I'm building a powder coat oven

I’m tired of stinky rattle cans every time I finish a sign, it’s time to move up to powder coating. I bought a Columbia Coatings Hyper Smooth 3.0 (a nice mid-level powder coating gun), now that I have the cart I need the horse. I read the article posted on powdercoatguide and it was very thorough so I figured what the hell I can do that. The oven I’m building is very similar to the one in that tutorial with a few modifications. The oven internal size is 37"x37"x72" which is big enough for anything I can cut on the crossfire pro, or lawn mower decks or motorcycle tins. I’m building it from scratch and so far I’m into it for a little over $2k but I believe I’ve finished buying all the parts. Luckily I found a great deal on Craigslist for the sheet metal, unfortunately it’s 17 gauge galvanized so it’s VERY heavy and I had to wear my PAPR when I was cutting it. The framing is done, the oven is skinned, the door is built, insulation is done, basically all I have left at this point is installing the door and building the control box and wiring at the control box. I’ll update with pictures and videos as the project moves along. I believe I will be done with it this weekend but I said that last weekend and the weekend before…

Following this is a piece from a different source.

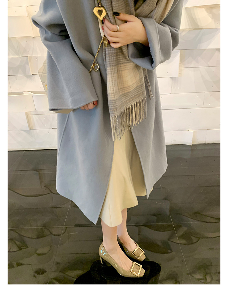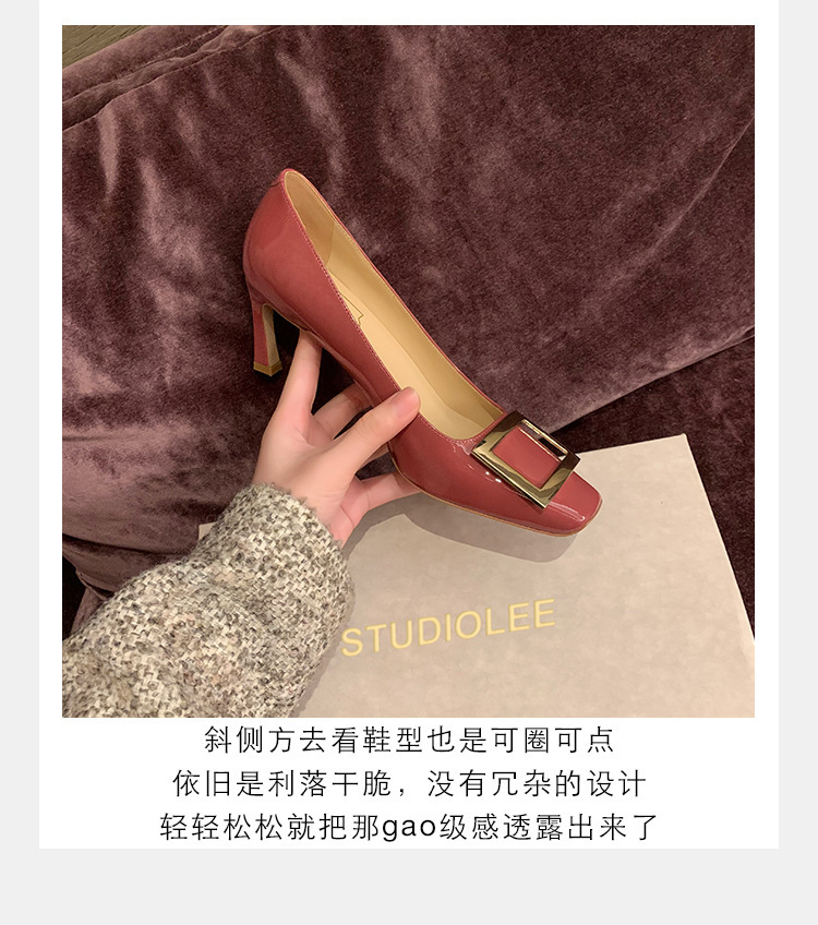 고급 소 가죽 버전 ~ 포도 엄마 같은 스타일 프랑스 우아한 스퀘어 버클 스틸레토 발 뒤꿈치 스퀘어 토 얕은 입 통근 신발

Anyhow, if anyone has any questions/suggestions I’m all ears although I’m nearing the end stages of the build so making changes from here on out is going to be limited to the control box. I uploaded Part 1 of the build to YouTube last night but I rushed the video because I needed to clear up space on my hard drives for more videos…I have roughly 1200GB of videos for this build so far. The next videos will be a little better.

Almost forgot, I’m making it expandable since the number one piece of advice I got ahead of time was
“whatever size your planning to make it, make it bigger.” Also I’m building a shelf that will cut the interior size of the oven in half for when I don’t need the whole oven to increase efficiency.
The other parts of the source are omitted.